Data supplied »
* * *

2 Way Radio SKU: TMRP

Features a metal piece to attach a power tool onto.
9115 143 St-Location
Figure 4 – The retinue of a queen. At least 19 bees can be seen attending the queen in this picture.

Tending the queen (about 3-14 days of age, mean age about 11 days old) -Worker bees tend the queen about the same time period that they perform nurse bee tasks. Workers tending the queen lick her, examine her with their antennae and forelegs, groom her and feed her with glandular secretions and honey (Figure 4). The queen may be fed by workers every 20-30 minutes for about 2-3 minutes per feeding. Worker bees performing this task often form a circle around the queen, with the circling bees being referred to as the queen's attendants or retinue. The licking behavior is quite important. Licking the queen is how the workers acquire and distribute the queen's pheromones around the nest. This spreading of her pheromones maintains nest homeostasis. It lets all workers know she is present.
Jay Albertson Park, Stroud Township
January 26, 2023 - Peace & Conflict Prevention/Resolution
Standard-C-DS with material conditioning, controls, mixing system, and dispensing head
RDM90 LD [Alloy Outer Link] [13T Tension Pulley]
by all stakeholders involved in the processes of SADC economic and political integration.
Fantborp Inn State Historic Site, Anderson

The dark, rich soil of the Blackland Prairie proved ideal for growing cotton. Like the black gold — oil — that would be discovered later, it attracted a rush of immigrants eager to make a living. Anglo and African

* * *

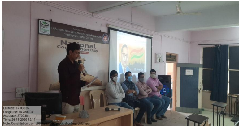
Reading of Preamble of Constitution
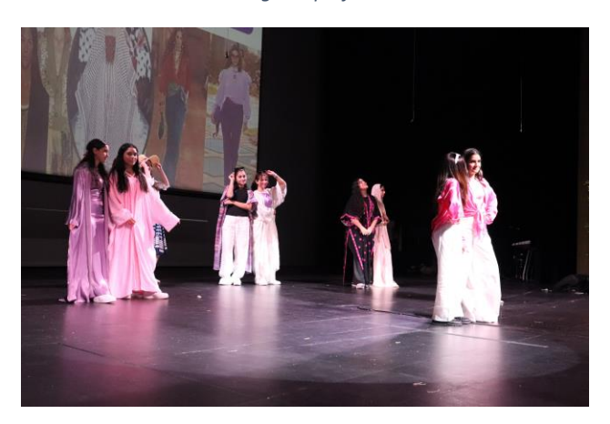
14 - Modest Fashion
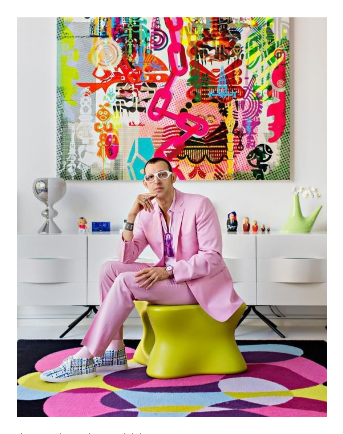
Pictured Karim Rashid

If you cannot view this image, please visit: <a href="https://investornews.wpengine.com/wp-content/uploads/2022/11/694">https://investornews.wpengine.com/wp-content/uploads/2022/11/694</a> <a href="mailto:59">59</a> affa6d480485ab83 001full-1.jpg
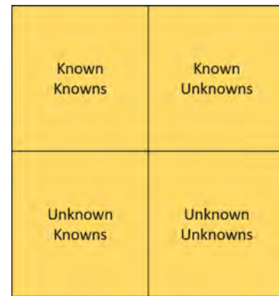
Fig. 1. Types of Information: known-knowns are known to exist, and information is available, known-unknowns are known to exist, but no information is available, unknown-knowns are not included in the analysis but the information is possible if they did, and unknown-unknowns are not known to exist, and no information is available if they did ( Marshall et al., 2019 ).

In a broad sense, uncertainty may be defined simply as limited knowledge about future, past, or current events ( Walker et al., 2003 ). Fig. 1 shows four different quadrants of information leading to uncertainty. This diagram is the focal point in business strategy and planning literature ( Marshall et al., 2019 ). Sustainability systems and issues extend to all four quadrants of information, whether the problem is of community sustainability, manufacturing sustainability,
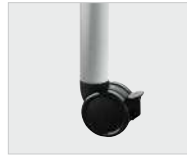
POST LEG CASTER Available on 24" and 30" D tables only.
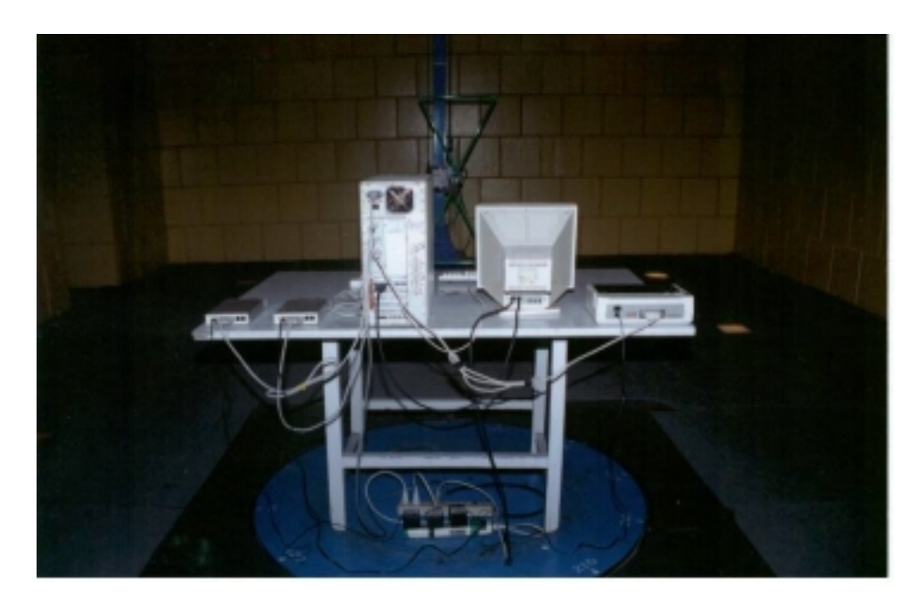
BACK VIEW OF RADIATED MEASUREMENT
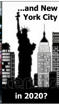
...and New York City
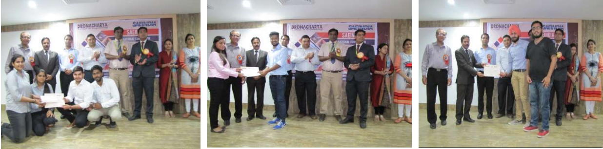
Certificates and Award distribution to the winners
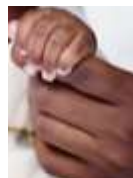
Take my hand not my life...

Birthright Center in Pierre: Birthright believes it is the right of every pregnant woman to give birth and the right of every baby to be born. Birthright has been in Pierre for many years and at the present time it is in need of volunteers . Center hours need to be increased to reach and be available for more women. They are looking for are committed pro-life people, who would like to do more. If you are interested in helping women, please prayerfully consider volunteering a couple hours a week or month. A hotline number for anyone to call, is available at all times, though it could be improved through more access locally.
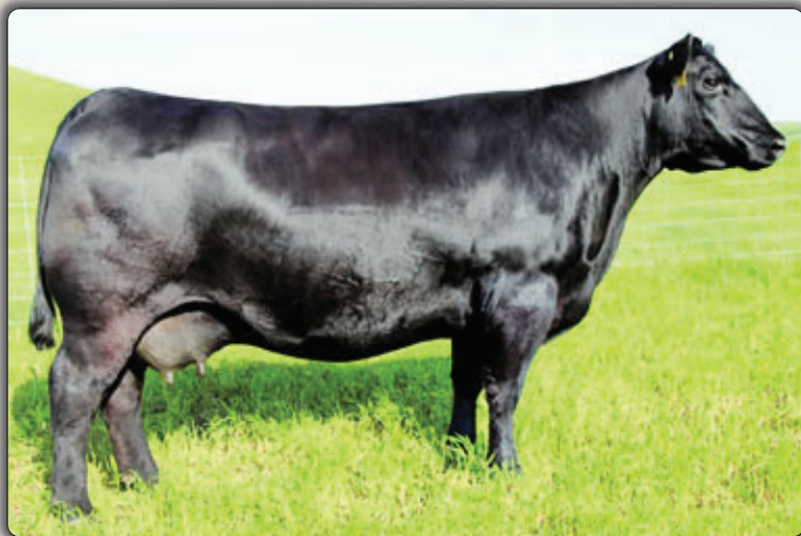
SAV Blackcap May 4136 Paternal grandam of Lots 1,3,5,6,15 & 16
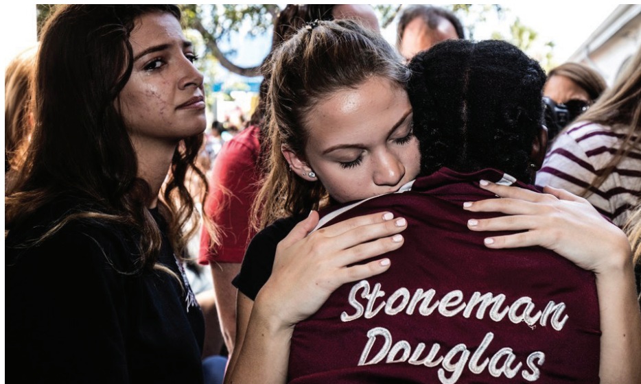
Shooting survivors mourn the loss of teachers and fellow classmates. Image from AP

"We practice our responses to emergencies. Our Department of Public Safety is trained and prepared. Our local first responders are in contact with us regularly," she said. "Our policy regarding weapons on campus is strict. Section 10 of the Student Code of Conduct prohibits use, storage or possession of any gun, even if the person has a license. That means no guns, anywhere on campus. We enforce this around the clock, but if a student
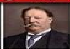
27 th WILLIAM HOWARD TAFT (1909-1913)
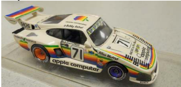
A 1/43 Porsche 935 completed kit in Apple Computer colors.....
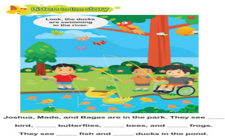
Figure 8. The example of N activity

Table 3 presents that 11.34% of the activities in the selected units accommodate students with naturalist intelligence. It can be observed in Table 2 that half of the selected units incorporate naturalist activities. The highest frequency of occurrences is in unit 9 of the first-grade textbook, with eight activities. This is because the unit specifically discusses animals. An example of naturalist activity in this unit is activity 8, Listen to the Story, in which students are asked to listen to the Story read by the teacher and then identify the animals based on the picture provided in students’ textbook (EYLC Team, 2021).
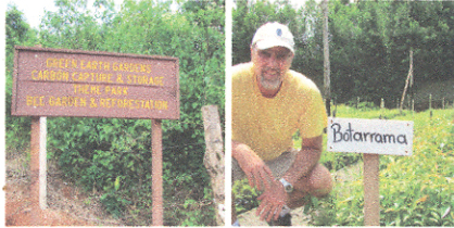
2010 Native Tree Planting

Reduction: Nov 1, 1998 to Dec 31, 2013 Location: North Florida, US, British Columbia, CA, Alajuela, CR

* * *

Work order »
Beginning at the line with "2010 Native Tree Planting" and stopping after the line with "Reduction: Nov 1, 1998", please write out every line of the data above exactly and nothing else.

Response »
2010 Native Tree Planting

Reduction: Nov 1, 1998 to Dec 31, 2013 Location: North Florida, US, British Columbia, CA, Alajuela, CR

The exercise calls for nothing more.